** Raw data follows **

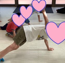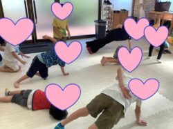 これは腕立てクランチですね。片腕でやっている子もいますね。
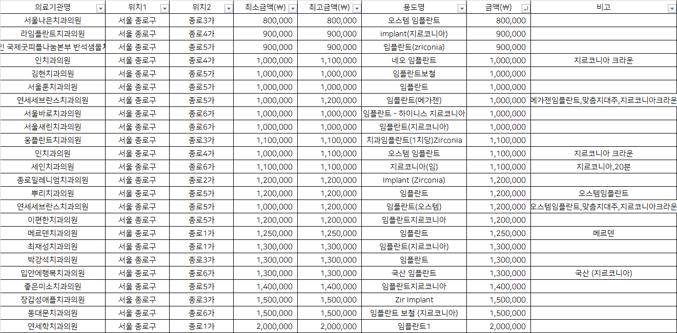 건강보험심사평가원 비급여 진료비용 정보 중, 서울 종로구 종로1~6가의 치과임플란트 1치당 지르코니아 가격을 기준으로 알려드립니다.
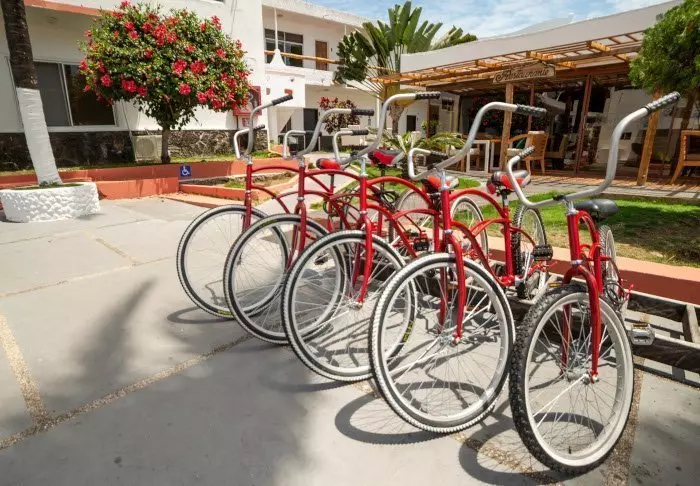Om du ska besöka Tortuga Bay under din vistelse på Puerto Ayora finns början på stigen endast 5 minuters promenad från hotellet. Hotellet har även cyklar för utlåning som du kan använda för att ta dig runt i staden med.
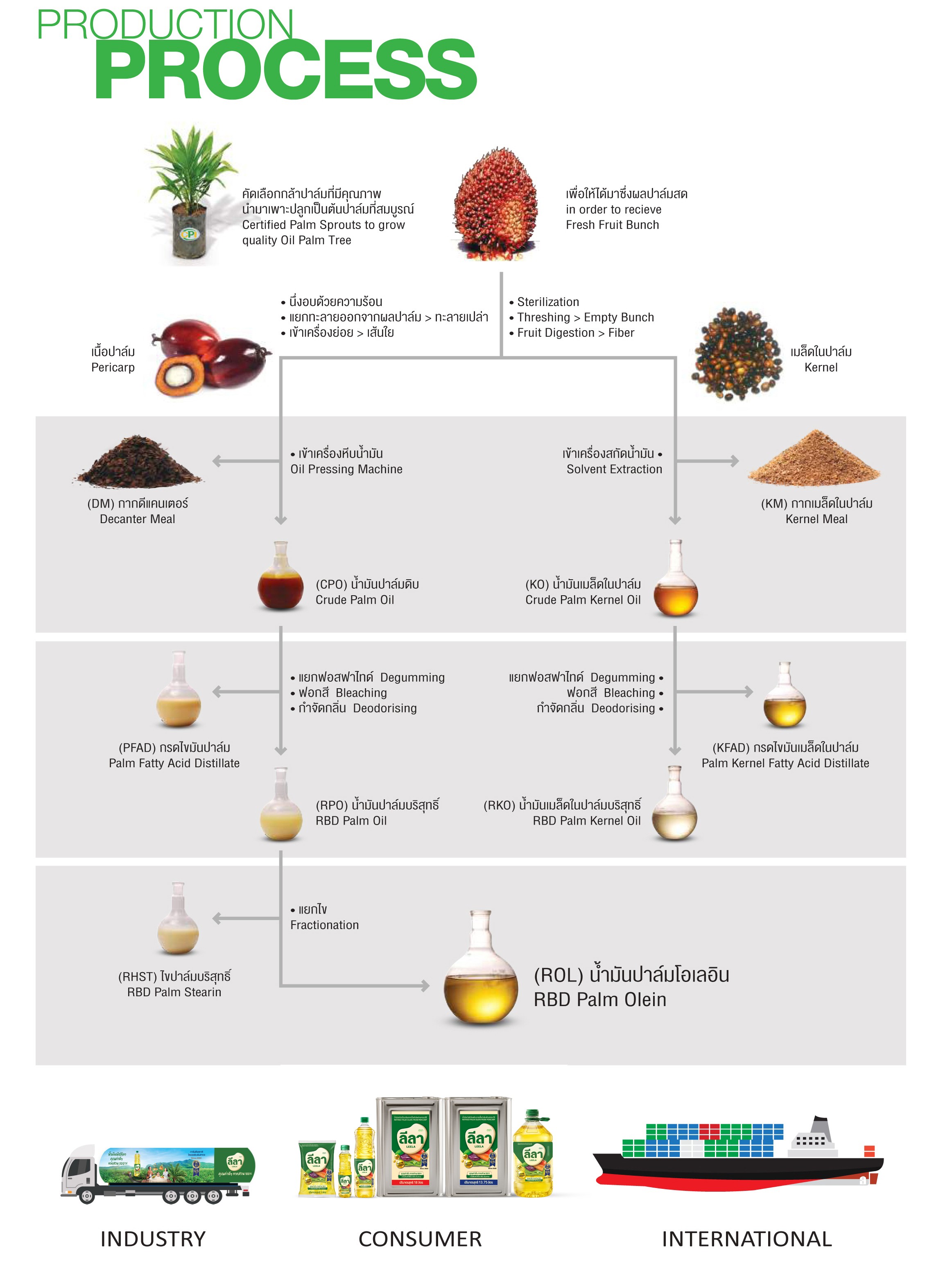 น้ำมันปาล์มโอเลอินที่ได้หลังจากผ่านกรรมวิธีในการผลิตและตรวจสอบคุณภาพตามระบบมาตรฐาน จะถูกส่งเข้าถังเก็บเพื่อรอส่งมอบ ส่วนหนึ่งจะถูกส่งเข้าโรงบรรจุทันสมัยของบริษัทฯ ซึ่งสะอาดและปลอดภัยก่อนส่งไปจำหน่ายให้กับผู้บริโภคทั่วประเทศในรูปแบบของน้ำมันปาล์มโอเลอินผ่านกรรมวิธีบรรจุขวด ปี๊บและถุง ภายใต้ตราสินค้า "ลีลา" หลังจากผ่านกระบวนการผลิตและตรวจสอบคุณภาพสินค้าตามระบบมาตรฐานสินค้าจะถูกจัดส่งไปยังผู้บริโภคทั้งในและต่างประเทศ โดยบริษัทฯ สามารถส่งมอบสินค้าผ่านรูปแบบการจัดส่งประเภทต่างๆ อาทิ รถขนส่ง Tanker สำหรับกลุ่มลูกค้าอุตสาหกรรมต่างๆ ที่ต้องการสินค้าในลักษณะ Bulk Supply, รถขนส่ง Truck สำหรับกลุ่มลูกค้าคอนซูมเมอร์ รวมถึงการส่งมอบโดยเรือบรรทุกน้ำมันสำหรับการส่งออก เพื่อตอบสนองความพึงพอใจของลูกค้าในทุกกลุ่มธุรกิจ
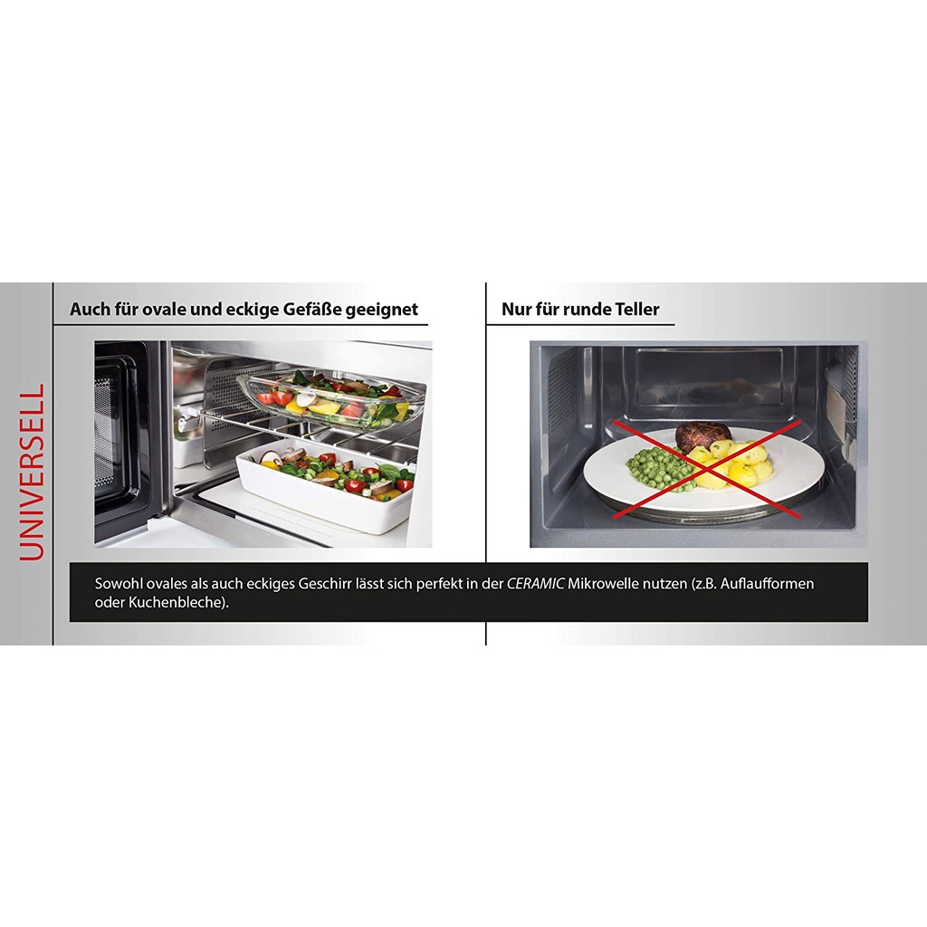 + Nhờ đế gốm phẳng với gương phản xạ vi sóng, bàn xoay thủy tinh không còn cần thiết nữa. Lý tưởng cho các món nướng vuông.
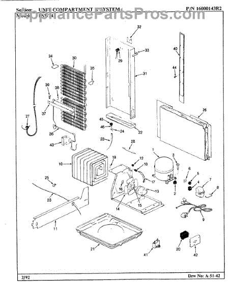 Plastic defrost pan. Evaporator pan hangs from side rails and rests on compressor.
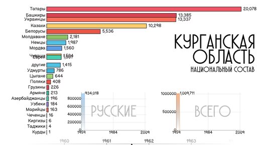 Курганская область.Национальный состав.Население Кургана.Этнический состав.Статистика 1959-2010
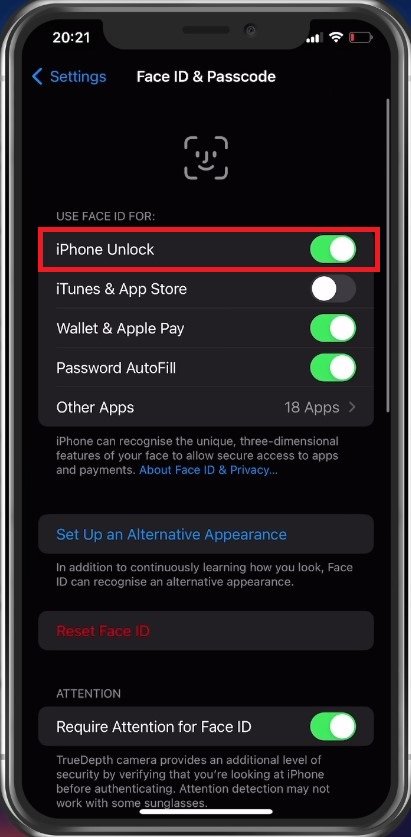 Stellen Sie nach der Eingabe Ihres Passcodes sicher, dass Sie das umschalteniPhone entsperrenOption aus- und wieder einschalten.
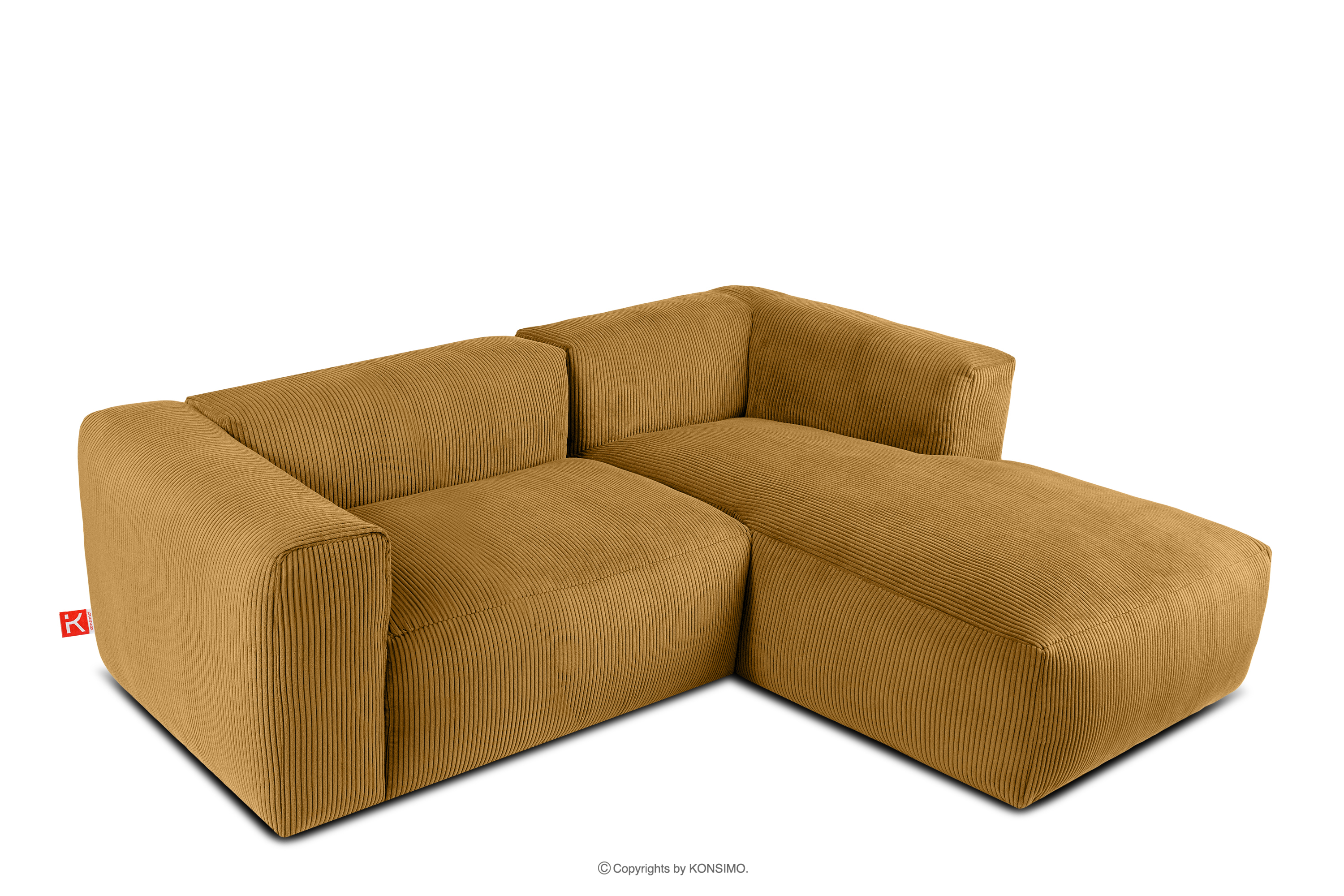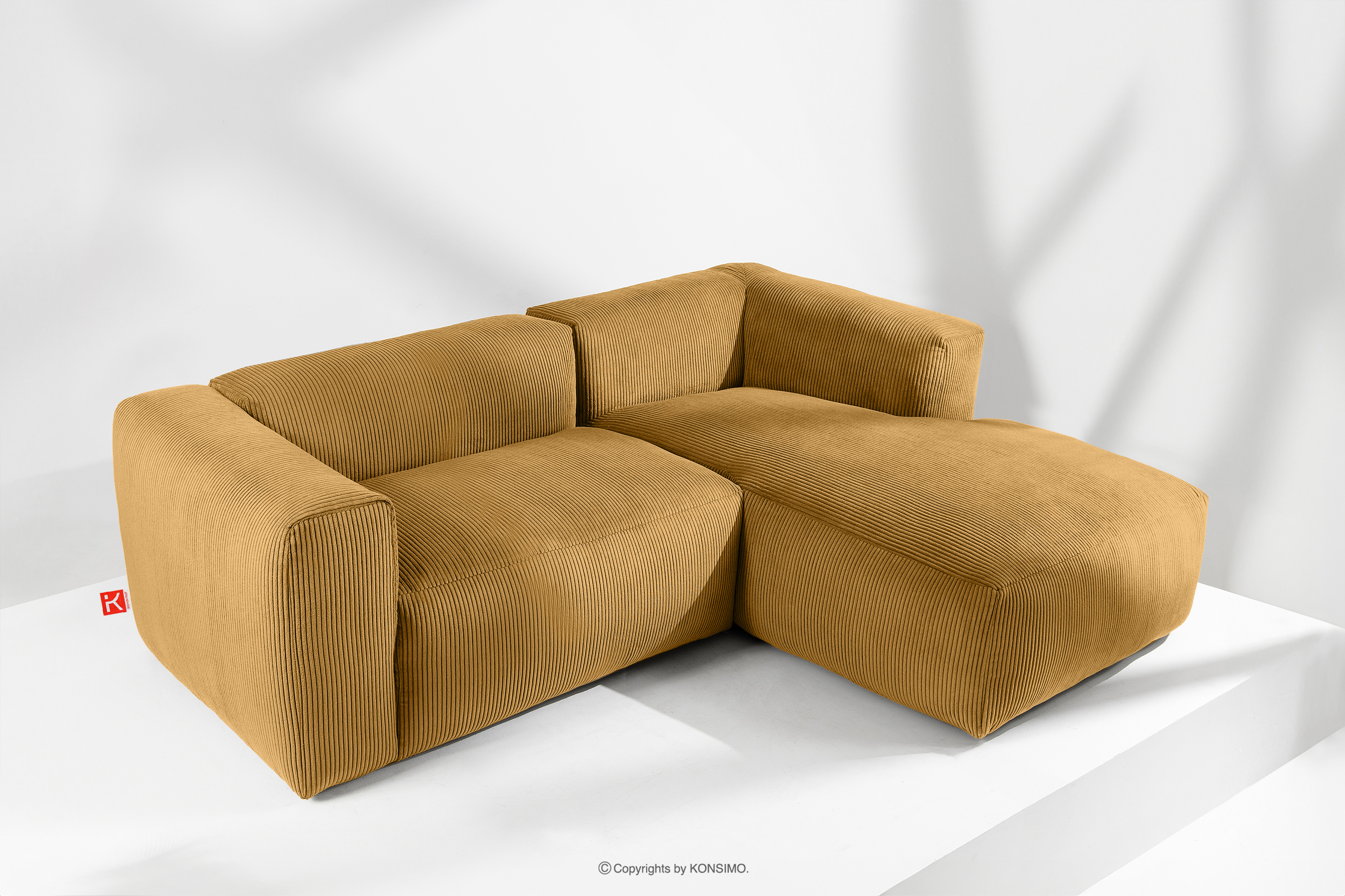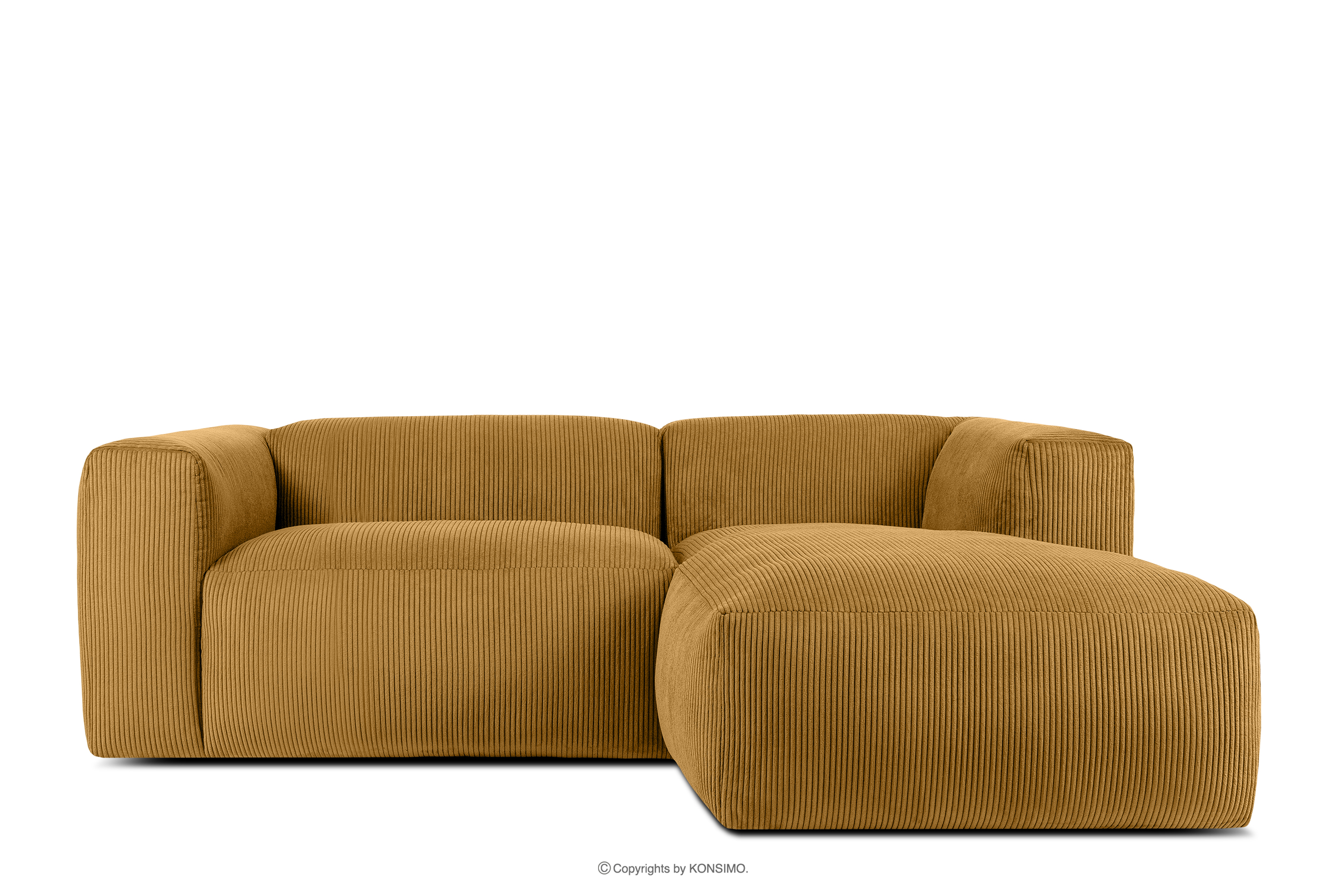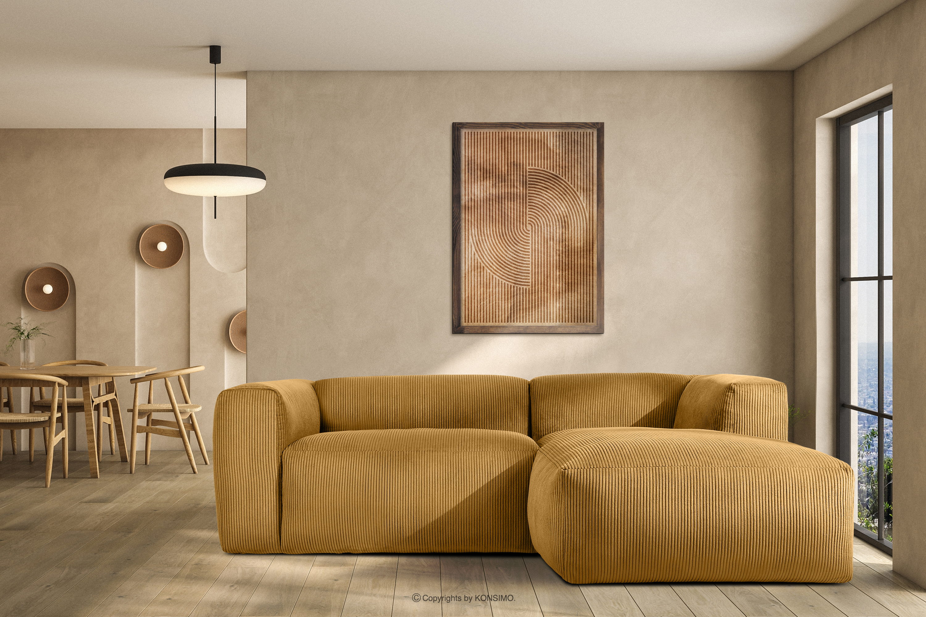 Das modulare Ecksofa für das Wohnzimmer in gelbem Kordstoff rechts wird mit Sicherheit zum Mittelpunkt eines jeden Wohnzimmers. Das Gestell ist aus strapazierfähigem Kiefern- und Buchenholz gefertigt, das nicht nur für Robustheit, sondern auch für Ästhetik sorgt. Darüber hinaus erhöht die Verwendung von langlebigen Span- und Faserplatten die Stabilität und Langlebigkeit des Möbels.

** End of Raw data **

● **Description of the task**: Exact copy, pictures excluded: every line above from the one containing "món nướng vuông." to the one containing "Plastic defrost pan.", inclusive, and nothing more.

● **Result**:
 + Nhờ đế gốm phẳng với gương phản xạ vi sóng, bàn xoay thủy tinh không còn cần thiết nữa. Lý tưởng cho các món nướng vuông.
 Plastic defrost pan. Evaporator pan hangs from side rails and rests on compressor.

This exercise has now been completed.